• **Task objective**:
Restate each record below word for word, skipping images.

• **Records drawn from a dataset**:
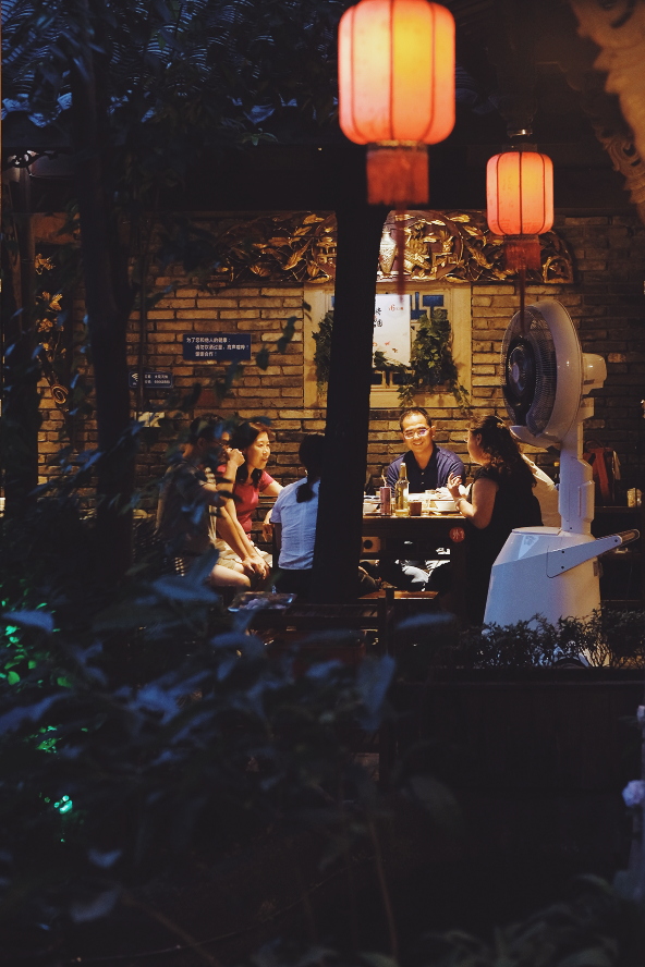木质桌椅,亭台楼阁,小桥流水,吃火锅不再是热火朝天、众声喧哗的画面,更是趋向于悠然自得的场景。对了,到了傍晚这里还会亮灯,在用餐的时候潭水经过精心设计还会放出水雾,像在仙境中用餐。
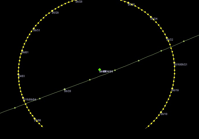 L'asteroide con un diametro stimato tra 18 e 57 metri, poche ore dopo è passato sopra le nostre teste ad una distanza di sole 0.2 LD, cosi come mostrato nella immagini seguente effettuate con il software SOLEX, dove si mostra al centro in colore verde la Terra, in giallo l'orbita della Luna ed in verde il percorso dell'asteroide 2016 QA2.
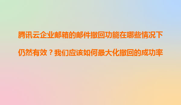 2025-11-11腾讯云企业邮箱邮件撤回功能的适用场景及成功率优化 邮件撤回功能的核心价值 腾讯云企业邮箱提供的邮件撤回功能是企业高效沟通的重要保障。当用户误发敏感信息、错发附件或内容需修正时,撤回功能可有效降...
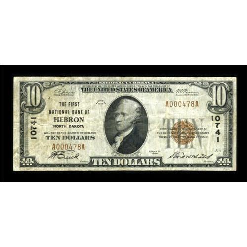 <B>Hebron, ND</B></I> - $10 1929 Ty. 1 <B>The First NB</B></I> Ch. # 10741<BR> A scarce small size note from the only bank to issue in this tiny Morton County locale. <B>Fine+.</B></I><BR><BR><b>Shipping:</b> Coins & Currency (<a target="_blank" href="http://www.heritageauctions.com/common/shipping.php">view shipping information</a>)
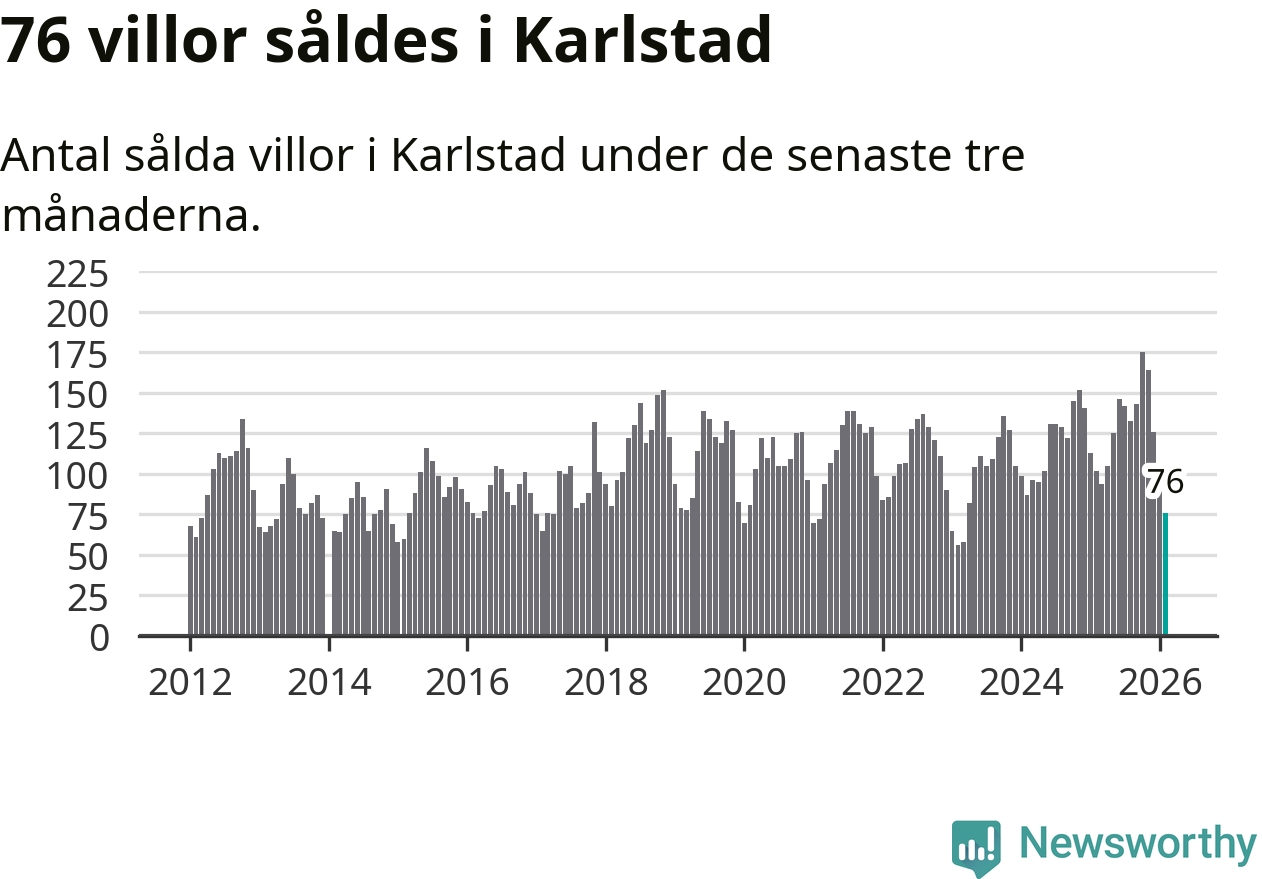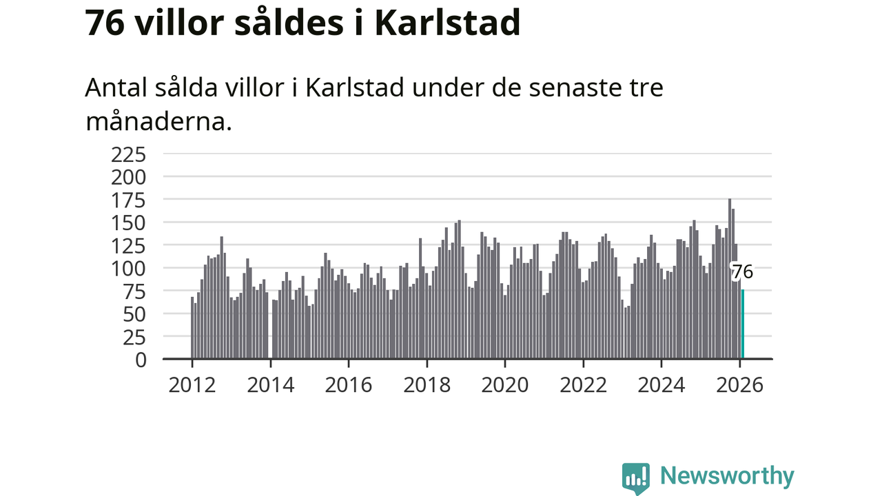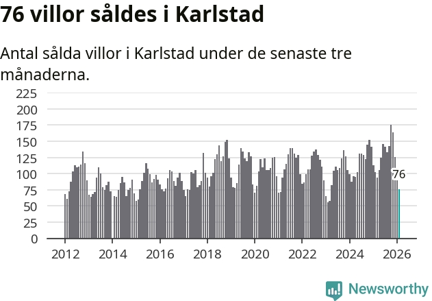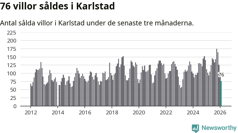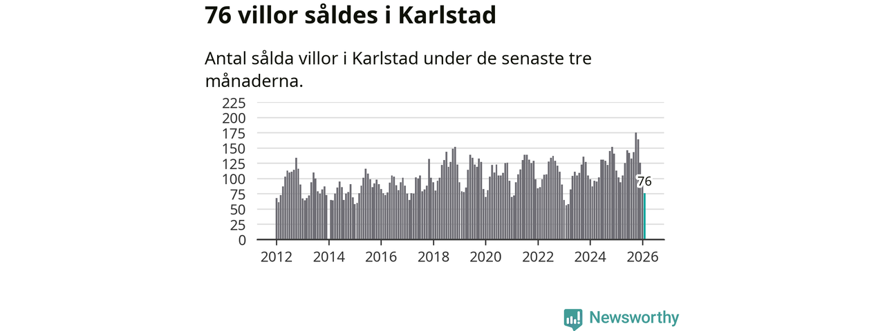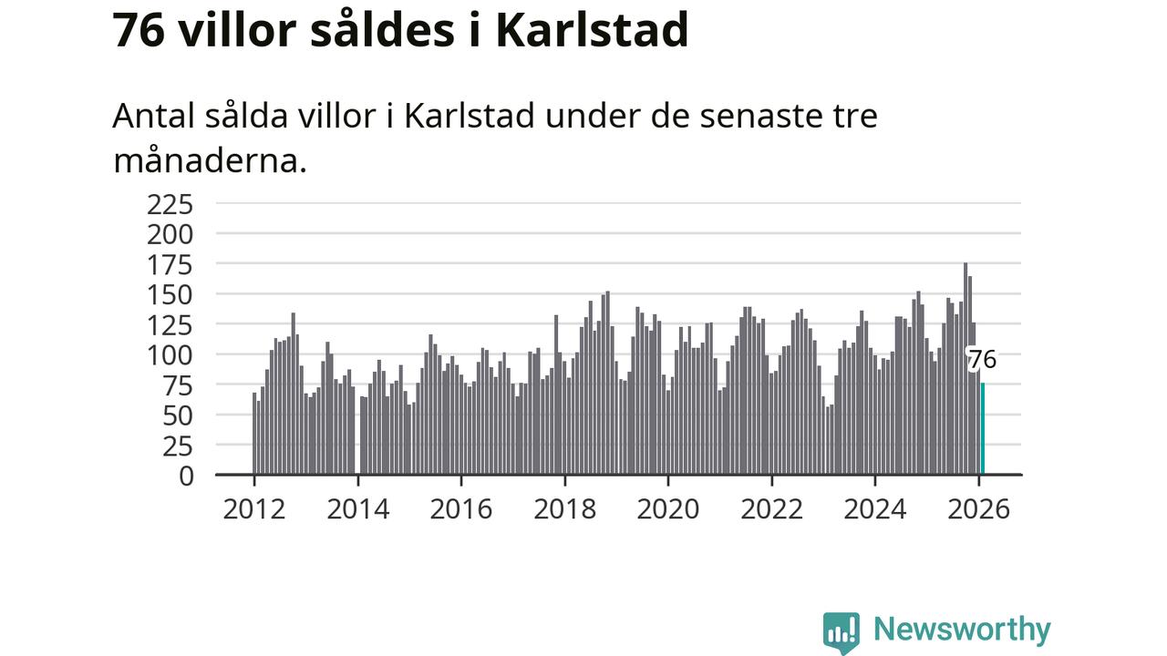 Sammanlagt såldes 76 villor i Karlstads kommun mellan december och februari till ett genomsnittligt pris på 3,4 miljoner kronor. I fjol gjordes 102 affärer vid den här tiden på året.

• **Response area**:
木质桌椅,亭台楼阁,小桥流水,吃火锅不再是热火朝天、众声喧哗的画面,更是趋向于悠然自得的场景。对了,到了傍晚这里还会亮灯,在用餐的时候潭水经过精心设计还会放出水雾,像在仙境中用餐。
 L'asteroide con un diametro stimato tra 18 e 57 metri, poche ore dopo è passato sopra le nostre teste ad una distanza di sole 0.2 LD, cosi come mostrato nella immagini seguente effettuate con il software SOLEX, dove si mostra al centro in colore verde la Terra, in giallo l'orbita della Luna ed in verde il percorso dell'asteroide 2016 QA2.
 2025-11-11腾讯云企业邮箱邮件撤回功能的适用场景及成功率优化 邮件撤回功能的核心价值 腾讯云企业邮箱提供的邮件撤回功能是企业高效沟通的重要保障。当用户误发敏感信息、错发附件或内容需修正时,撤回功能可有效降...
 <B>Hebron, ND</B></I> - $10 1929 Ty. 1 <B>The First NB</B></I> Ch. # 10741<BR> A scarce small size note from the only bank to issue in this tiny Morton County locale. <B>Fine+.</B></I><BR><BR><b>Shipping:</b> Coins & Currency (<a target="_blank" href="http://www.heritageauctions.com/common/shipping.php">view shipping information</a>)
 Sammanlagt såldes 76 villor i Karlstads kommun mellan december och februari till ett genomsnittligt pris på 3,4 miljoner kronor. I fjol gjordes 102 affärer vid den här tiden på året.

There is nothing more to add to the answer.